Data excerpt:
════════════════════
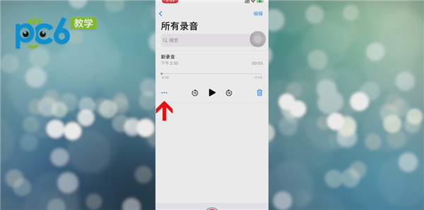 打开语音备忘录,选中要发布的录音,点击三个点,
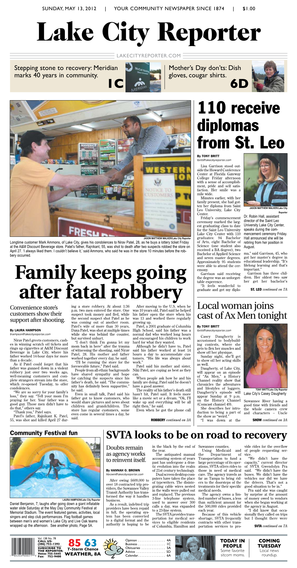 A3 SUNDAY, JULY 21, 2019 | YOUR COMMUNITY NEWSPAPER SINCE 1874 | $2 Lake City Reporter LAKECITYREPORTER.COM >> 3A SUNDAY + PLUS Young 1D farmers, Way ranchers: to go, ‘Ready, set, Kha’Maya grow’ Opinion/4A Travel Tales Statewide essay winner See 1C WOMAN SAYS Not quite back to normal Stalked 2A by gators, at City Hall — but nearly she can’t FAMILY MATTERS get help Big ones regulars in her Lake Montgomery backyard, she says. By CARL MCKINNEY COURTESY [email protected] A leak resulting from a Friday after- noon rainstorm caused a mess for Camille Souza says her back- Sakura Buffet in the Lake City Mall. yard is like a killing field — any unfortunate creature that ven- tures out there stands a chance of ending up as breakfast, lunch or dinner for the carnivores Storm lurking about. Souza first ‘A 10-foot- noticed the alli- er and gators in April swamps eight-footer, and has tried Photos by MICHAEL PHILIPS/Lake City Reporter those are to get them the two removed ever I’m having since, but says Family buffet a problem the catcher con- with,’ Souza tracted by wild- says. life officials has History been giving her in mall the runaround. Day at “I’m too afraid to even go back Rainwater pours through there and mow,” she said. ceiling, drenching eatery Souza lives on Short Lane by LDS and surrounding area. Lake Montgomery. “I understand it’s Florida. I Church opens its By TONY BRITT and MICHAEL PHILIPS live on a lake,” she said. “But database up to all, lakecityreporter.com still, I want the alligators gone.” offers expert help. -
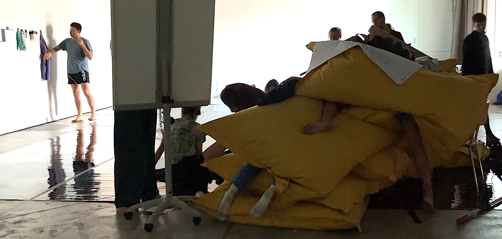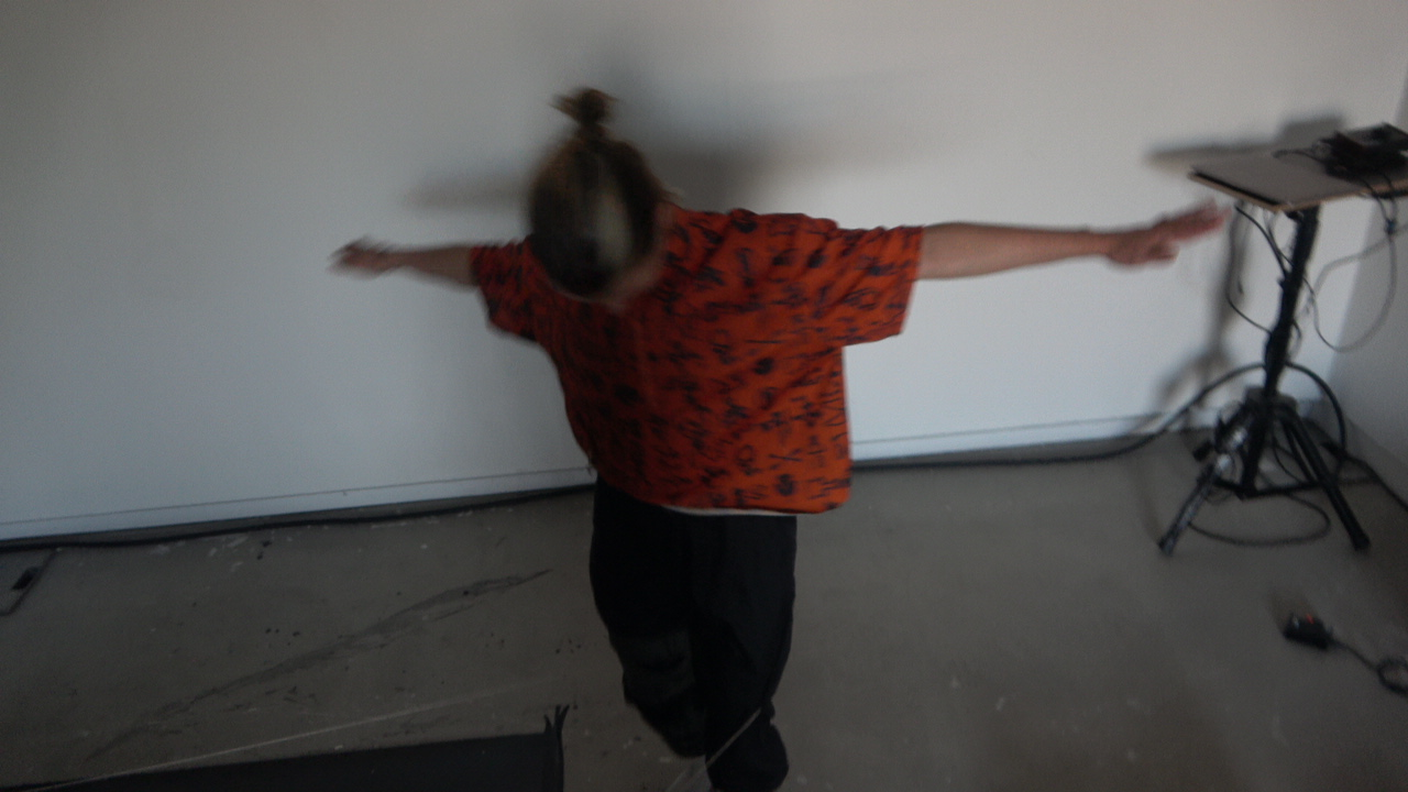 […] The third track of the research was physical thinking, so when Mia and I started this project we realized we were doing a lot of talking. We were doing interviews, going to the hospitals, meeting neuroscientists, speaking with people with Parkinson's, talking a lot – a bit like what we're doing here – but we missed our instruments, our bodies. That's how we research, we research through moving, so we decided to commit to a daily process of going into the studio every day and physically questioning what was happening […].
════════════════════
Task objective: Reproduce all lines above exactly. Leave the images out.

Reply to the exercise:
 打开语音备忘录,选中要发布的录音,点击三个点,
 A3 SUNDAY, JULY 21, 2019 | YOUR COMMUNITY NEWSPAPER SINCE 1874 | $2 Lake City Reporter LAKECITYREPORTER.COM >> 3A SUNDAY + PLUS Young 1D farmers, Way ranchers: to go, ‘Ready, set, Kha’Maya grow’ Opinion/4A Travel Tales Statewide essay winner See 1C WOMAN SAYS Not quite back to normal Stalked 2A by gators, at City Hall — but nearly she can’t FAMILY MATTERS get help Big ones regulars in her Lake Montgomery backyard, she says. By CARL MCKINNEY COURTESY [email protected] A leak resulting from a Friday after- noon rainstorm caused a mess for Camille Souza says her back- Sakura Buffet in the Lake City Mall. yard is like a killing field — any unfortunate creature that ven- tures out there stands a chance of ending up as breakfast, lunch or dinner for the carnivores Storm lurking about. Souza first ‘A 10-foot- noticed the alli- er and gators in April swamps eight-footer, and has tried Photos by MICHAEL PHILIPS/Lake City Reporter those are to get them the two removed ever I’m having since, but says Family buffet a problem the catcher con- with,’ Souza tracted by wild- says. life officials has History been giving her in mall the runaround. Day at “I’m too afraid to even go back Rainwater pours through there and mow,” she said. ceiling, drenching eatery Souza lives on Short Lane by LDS and surrounding area. Lake Montgomery. “I understand it’s Florida. I Church opens its By TONY BRITT and MICHAEL PHILIPS live on a lake,” she said. “But database up to all, lakecityreporter.com still, I want the alligators gone.” offers expert help. -
 […] The third track of the research was physical thinking, so when Mia and I started this project we realized we were doing a lot of talking. We were doing interviews, going to the hospitals, meeting neuroscientists, speaking with people with Parkinson's, talking a lot – a bit like what we're doing here – but we missed our instruments, our bodies. That's how we research, we research through moving, so we decided to commit to a daily process of going into the studio every day and physically questioning what was happening […].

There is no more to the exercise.